DATASET:
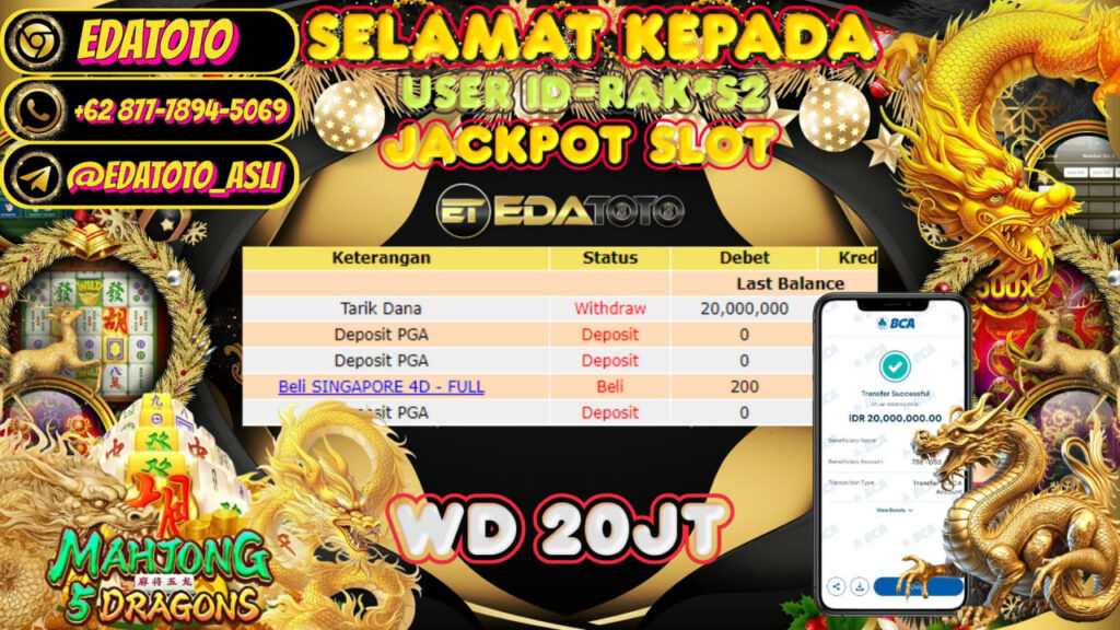 Selamat kepada member setia EDATOTO telah mendapatkan JP Bermain Di :Mahjong 5 Dragons
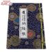 「四国八十八ヶ所納経帳(中判サイズ) 線描画入り 紺金襴表紙 ビニールカバー付」は、四国八十八ヶ所第1番・霊山寺から第88番・大窪寺までの88ヶ寺の御朱印用ページに加え各お寺の線描画が掲載され、高野山奥の院(線描画無し)の御朱印ページを合わせて89ヶ寺分のご朱印ページと空白ページが8ページ綴じられた持ち運びやすい中判サイズの納経帳です。表紙は豪華な紺地の金襴織物で装丁されていて、各頁は、ご朱印を戴いた際に墨が裏の頁へ染むのを防ぐために、袋とじの中に和紙を挟んだ三重の構造になっています。御朱印帳の中でも、特に巡礼の寺院へお参りしてご朱印をいただくための物を納経帳(のうきょうちょう)と呼びます。四国88箇所をはじめとする各巡礼寺院では、お寺の中の本堂などでお経をあげたり、写経を納めたりした証として、敷地内にある納経所(のうきょうしょ)で御朱印をいただく習慣があることがその所以です。
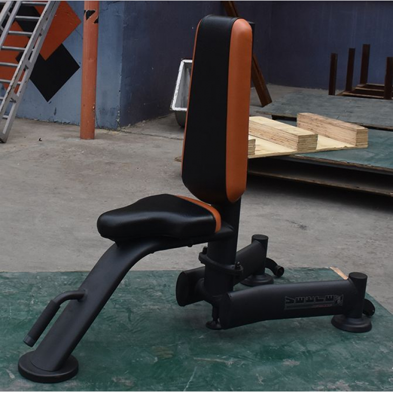 Силовой тренажер предназначен для различных видов жима, работы с гантелями. Упражнения выполняются в положении сидя. Тренажер состоит из рамной конструкции, мягких элементов – сиденье и спинка. Скамья предназначена для использования в коммерческих спортзалах и клубах с большой проходимостью.
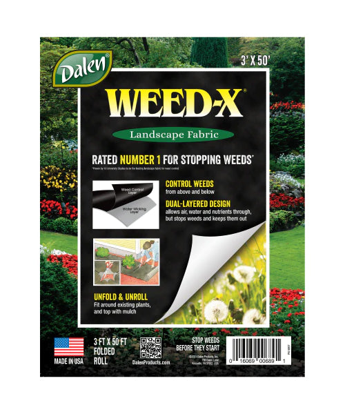 Stop weeds before they take over your garden with Gardeneer Weed-X Landscape Fabric. This porous, heavy-duty, sun-blocking fabric allows air, water, and nutrients to reach your garden and plants while also protecting against aggressive weeds. Unfold and unroll the fabric to cover your chosen area while cutting holes, if desired, for new or existing plants to grow. This 3' x 50' folded fabric roll can easily be cut or transported to help cover virtually any location necessary to eliminate the spread of weeds. Once in place, secure the fabric with garden staples and top with mulch. Maintain your beautiful landscaping with this Weed-X Landscape Fabric. Made in the USA.
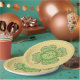 Dieser klassische vierblättriges Kleeblatt überlagert ein konzentrisches Kreisdesign mit Schichten keltischer Weben in verschiedenen grünen Farbtönen mit ein wenig Orange für Akzente.
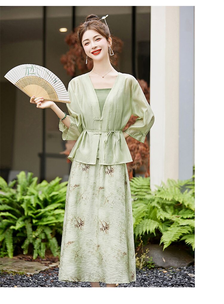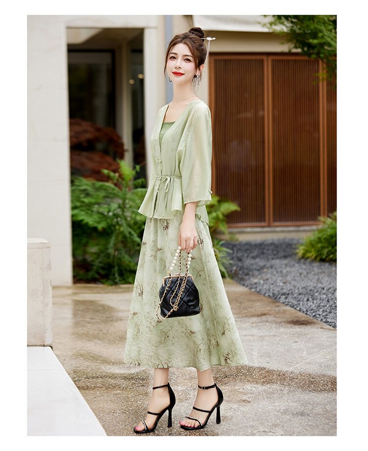 • Kiểu dáng: Sét váy 3 chi tiết gồm 1 áo hai dây + 1 khoác ngoài + 1 chân váy tone màu xanh - be nhẹ nhàng thanh lịch , thiết kế đẹp mắt, thanh lịch mặc đi chơi đi làm đều phù hợp
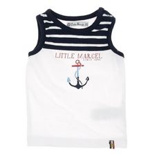 Craquez pour le débardeur bébé Little Marcel !Sans manches Col rondPressions sur l'épauleColoris : Blanc/MarineComposition : 95% coton , 5% élasthanne
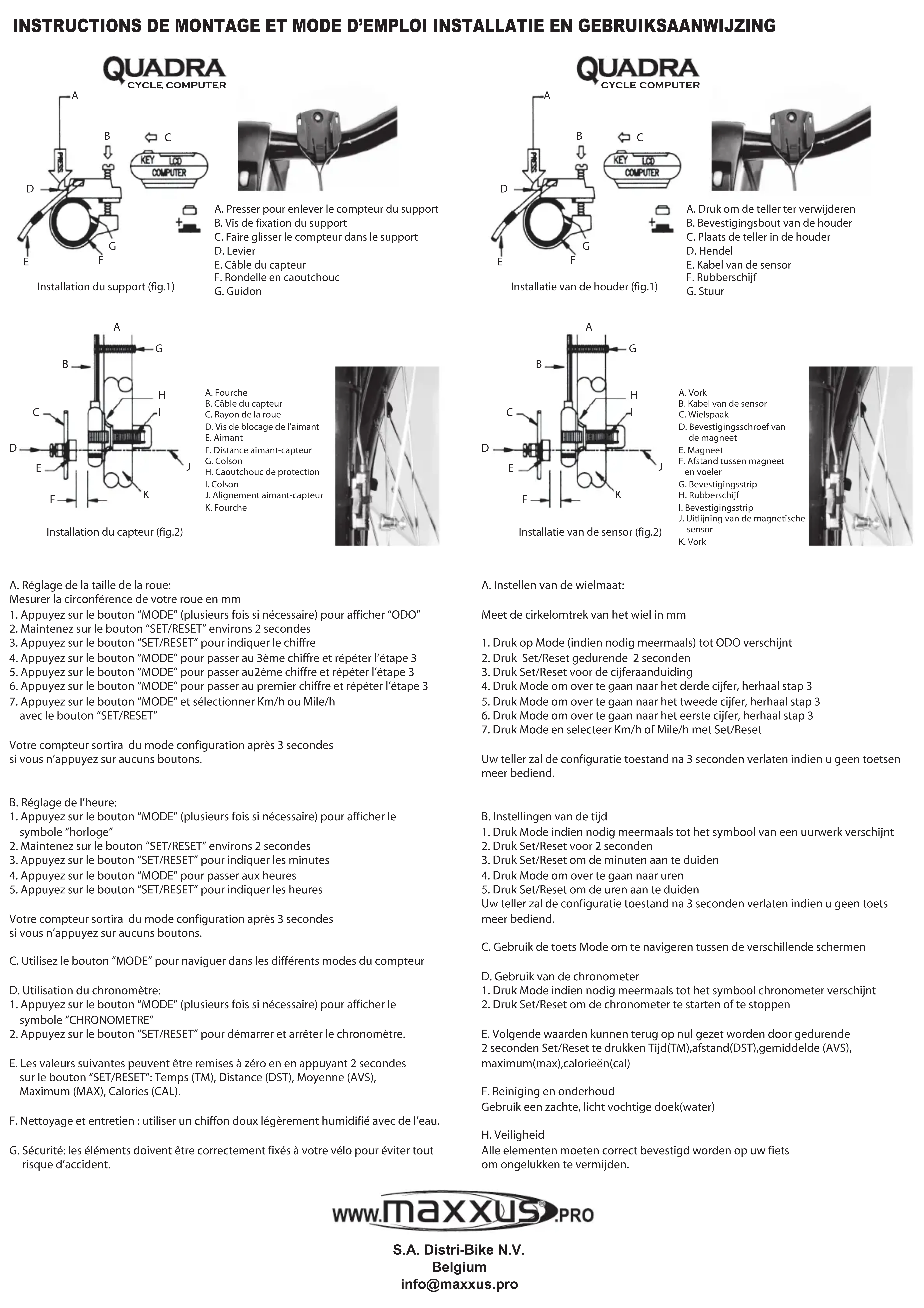 E. Les valeurs suivantes peuvent être remises à zéro en en appuyant 2 secondes sur le bouton “SET/RESET”: Temps (TM), Distance (DST), Moyenne (AVS), Maximum (MAX), Calories (CAL). F. Nettoyage et entretien : utiliser un chiffon doux légèrement humidifié avec de l’eau. G. Sécurité: les éléments doivent être correctement fixés à votre vélo pour éviter tout risque d’accident. INSTRUCTIONS DE MONTAGE ET MODE D’EMPLOI INSTALLATIE EN GEBRUIKSAANWIJZING

REQUIRED ACTION: From the listing above, repeat only the lines between the line containing "đều phù hợp" and the line containing "Craquez pour le", those two included. Pictures are not part of the copy.

EXERCISE OUTPUT:
 • Kiểu dáng: Sét váy 3 chi tiết gồm 1 áo hai dây + 1 khoác ngoài + 1 chân váy tone màu xanh - be nhẹ nhàng thanh lịch , thiết kế đẹp mắt, thanh lịch mặc đi chơi đi làm đều phù hợp
 Craquez pour le débardeur bébé Little Marcel !Sans manches Col rondPressions sur l'épauleColoris : Blanc/MarineComposition : 95% coton , 5% élasthanne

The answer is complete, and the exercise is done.